Lessons from teaching gifted elementary students (Part 8f)

Every so often, I’ll informally teach a class of gifted elementary-school students. I greatly enjoy interacting with them, and I especially enjoy the questions they pose. Often these children pose questions that no one else will think about, and answering these questions requires a surprisingly depth of mathematical knowledge.

Here’s a question I once received, in the students’ original handwriting. They wanted me to add adjacent numbers on the bottom row to produce the number on the next row, building upward until I reached the apex of the triangle. Then, after I reached the top number, they wanted me to take the square root of that number. (Originally, they wanted me to first multiply by 80 before taking the square root, but evidently they decided to take it easy on me.)

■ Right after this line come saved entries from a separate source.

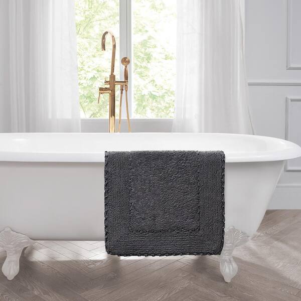 Cotton Ruffle 17 in. x 24 in. Bath Rug in Dark Gray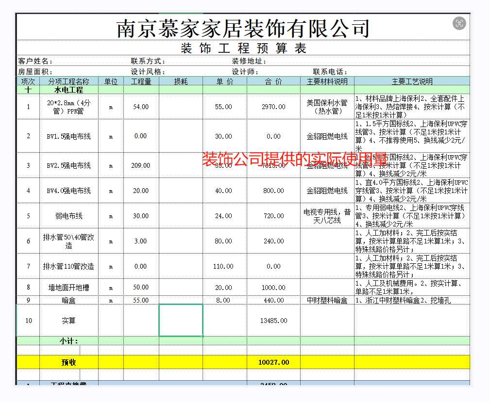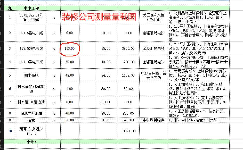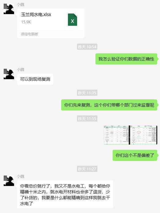 在支付完第二笔款项的第二天,设计师以水电用量超出为由,向我索取3974.97元。对方说合同水电不是包死,要以实际使用量为准。本人对比测量的用线米数和实际使用的米数,差距非常大,仅BV2.5强电布线这一项,测量量是113米,实际使用量却是209米(可以看截图),由于存在非常大的差距,我与对方进行询问,对方表示自己不是水电工无法精确测量(看截图)。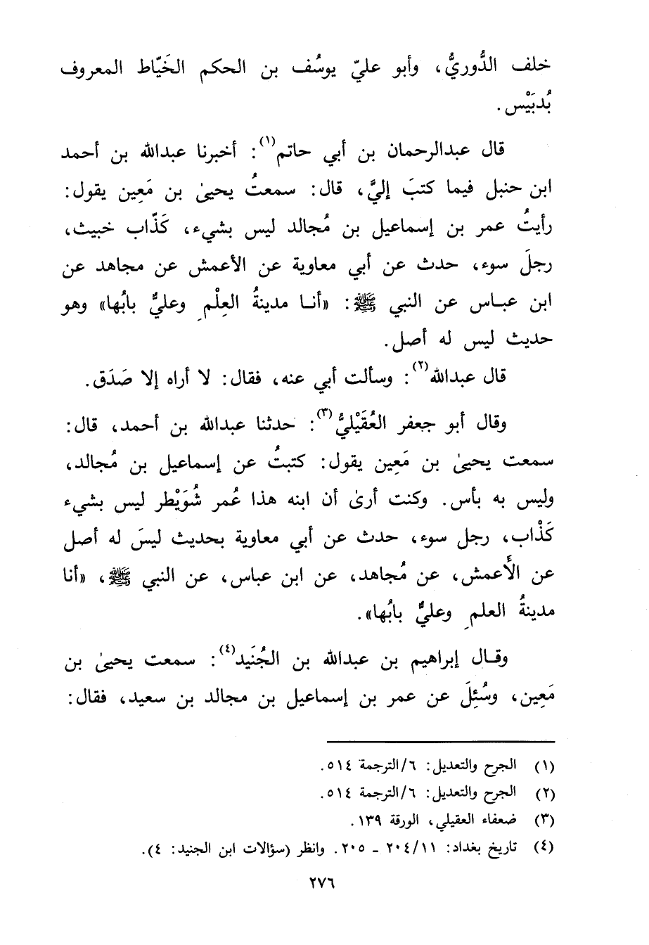 قال عَبْد الرَّحْمَنِ بْن أَبي حاتم (1) : أَخْبَرَنَا عَبد اللَّهِ بْن أَحْمَد بْن حنبل فيما كتب إلي، قال: سمعت يحيى بْن مَعِين يقول: رأيت عُمَر بْن إسماعيل بْن مجالد ليس بشيءٍ، كذاب خبيث، رجل سوء، حَدَّثَ عَن أَبِي مُعَاوِيَةَ عَنِ الأَعْمَشِ عن مجاهد عن ابْن عَبَّاس عَنِ النَّبِيِّ صلى الله عليه وسلم: "أَنَا مَدِينَةُ الْعِلْمِ وعَلِيٌّ بَابُهَا "وهو حديث ليس لَهُ أصل.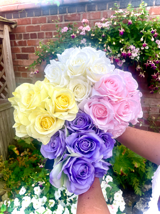 Custom Faux Rose Bridesmaid & Flower Girl Bouquets with Personalised Ribbon, Wedding Keepsake Flowers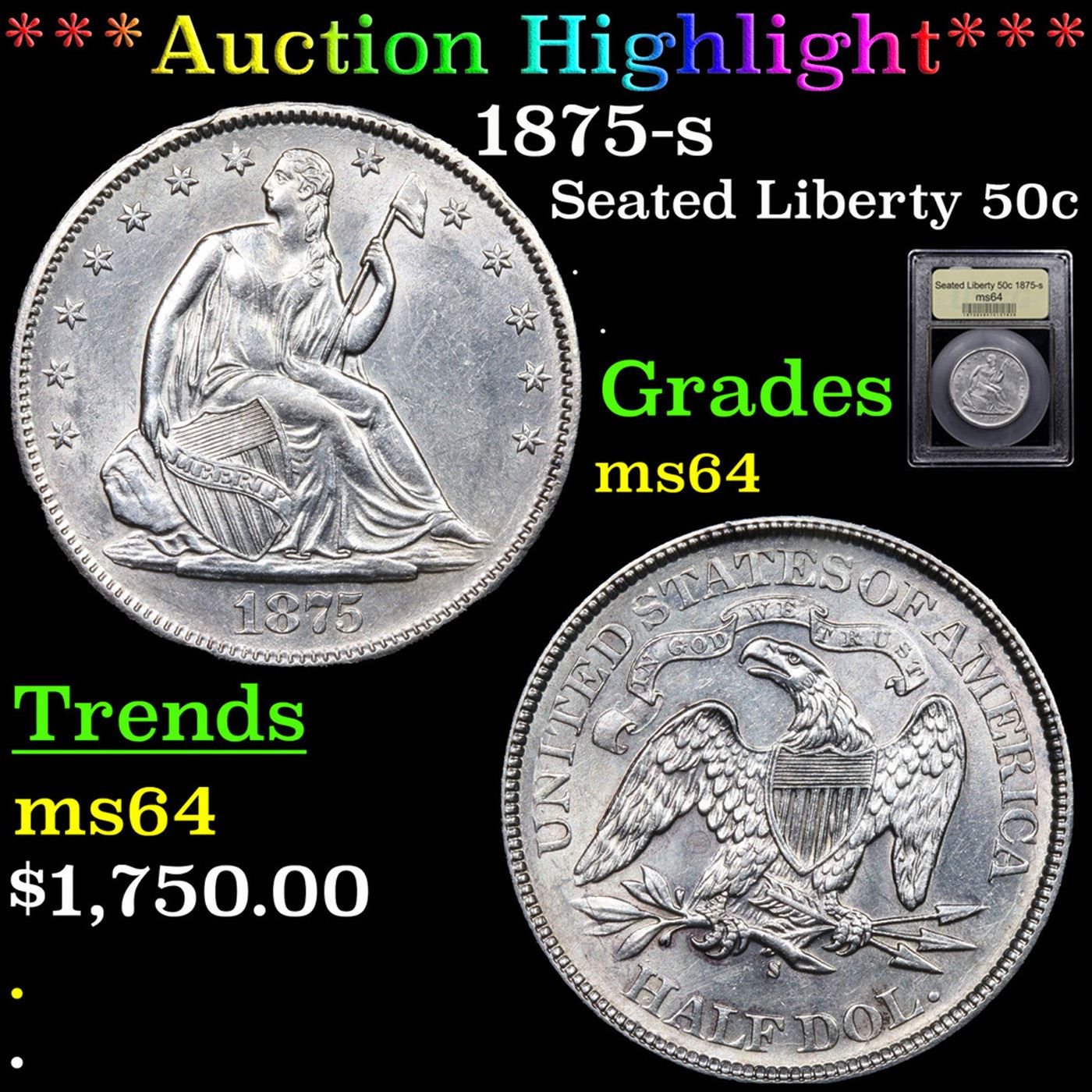 ***Auction Highlight*** 1875-s Seated Half Dollar 50c Graded Choice Unc BY USCG.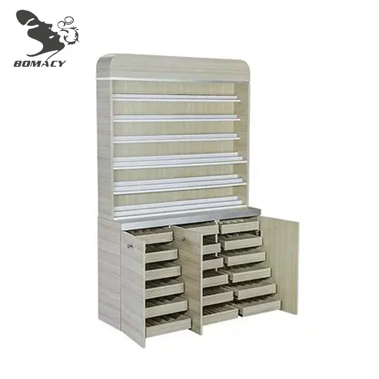 Bomacy Salon Furniture Wooden Nail Show Area Nail Rack With Drawers For Sale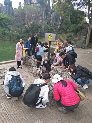 本次实习的开始,老师向同学们讲解了喀斯特地貌的特点以及石林形成的地质背景,然后提出了本次实习的问题,带着问题所有同学分为几个小组,同学之间互相帮助以确保每个同学都不掉队,体现了我们资环人的团结无畏。实习过程中,同学由老师指导教学,参观实习石林各种喀斯特地貌,从微观的生物碎屑,到宏观的峰林,收获满满,感慨于大自然的鬼斧神工!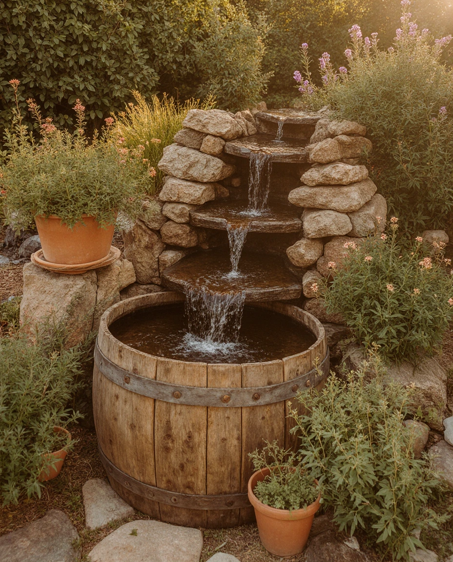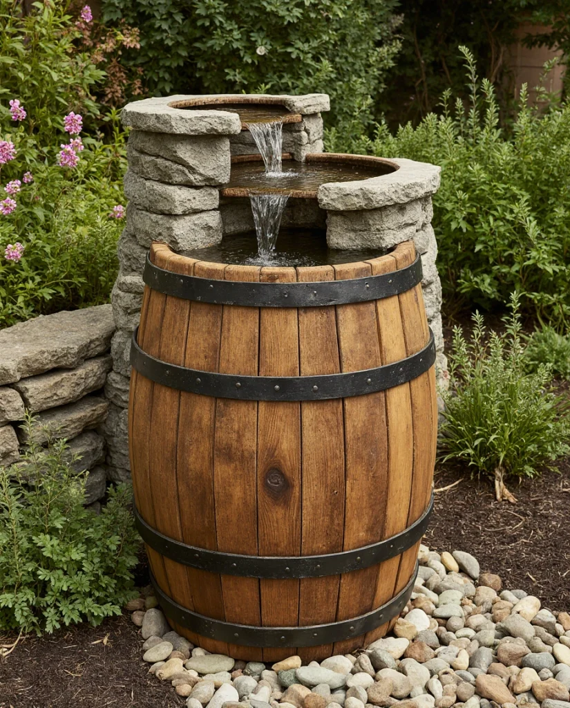 12. Rustic Barrel Fountain with Stone Accents

And, just to see if I could do it, they wanted me to do all of this without using a calculator. But they were nice and allowed me to use pencil and paper.


So far, I’ve used Pascal’s triangle to obtain

y = \displaystyle \sum_{k=0}^{11} (k+1)^2 {11 \choose k}

= \displaystyle \sum_{k=2}^{11} k(k-1) {11 \choose k} +  \sum_{k=1}^{11} 3k {11 \choose k} + \sum_{k=0}^{11} {11 \choose k}.

= \displaystyle \sum_{k=2}^{11} k(k-1) \left( \frac{11!}{k!(11-k)!} \right) +  \sum_{k=1}^{11} 3k \left( \frac{11!}{k!(11-k)!} \right) + \sum_{k=0}^{11} \left( \frac{11!}{k!(11-k)!} \right).

= \displaystyle \sum_{k=2}^{11}  \frac{11!}{(k-2)!(11-k)!}  +  3 \sum_{k=1}^{11}  \frac{11!}{(k-1)!(11-k)!}  + \sum_{k=0}^{11}  \frac{11!}{k!(11-k)!} .

= \displaystyle \sum_{i=0}^{9} \frac{11!}{i!(9-i)!}  +  3 \sum_{j=0}^{10}  \frac{11!}{j!(10-j)!}  + \sum_{k=0}^{11}  \frac{11!}{k!(11-k)!} .

= \displaystyle \sum_{i=0}^{9} 11 \times 10 \frac{9!}{i!(9-i)!}  +  3 \sum_{j=0}^{10}  11 \frac{10!}{j!(10-j)!}  + \sum_{k=0}^{11}  \frac{11!}{k!(11-k)!}

= \displaystyle 110 \sum_{i=0}^{9} {9 \choose i}  +  33 \sum_{j=0}^{10} {10 \choose j} + \sum_{k=0}^{11}  {11 \choose k}

To numerically evaluate y, I use the identity

\sum_{r=0}^n {n \choose r} = 2^n;

this identity can be proven by using the binomial theorem

\sum_{r=0}^n {n \choose r} x^r y^{n-r} = (x+y)^n

and then plugging in x = 1 and y = 1. Using this identity, I conclude that

y = 110 \times 2^9 + 33 \times 2^{10} + 2^{11}

= 55 \times 2 \times 2^9 + 33 \times 2^{10} + 2 \times 2^{10}

= 55 \times 2^{10} + 33 \times 2^{10} + 2 \times 2^{10}

= (55+33+2) \times 2^{10}

= 90 \times 2^{10}.

Since I know that 2^{10} = 1024, it’s now a simple matter of multiplication:

y = 90 \times 1024 = 92,160.

 (Trust me; after I showed my students this answer about five minutes after it was posed, I was ecstatic when I confirmed this answer with Mathematica.)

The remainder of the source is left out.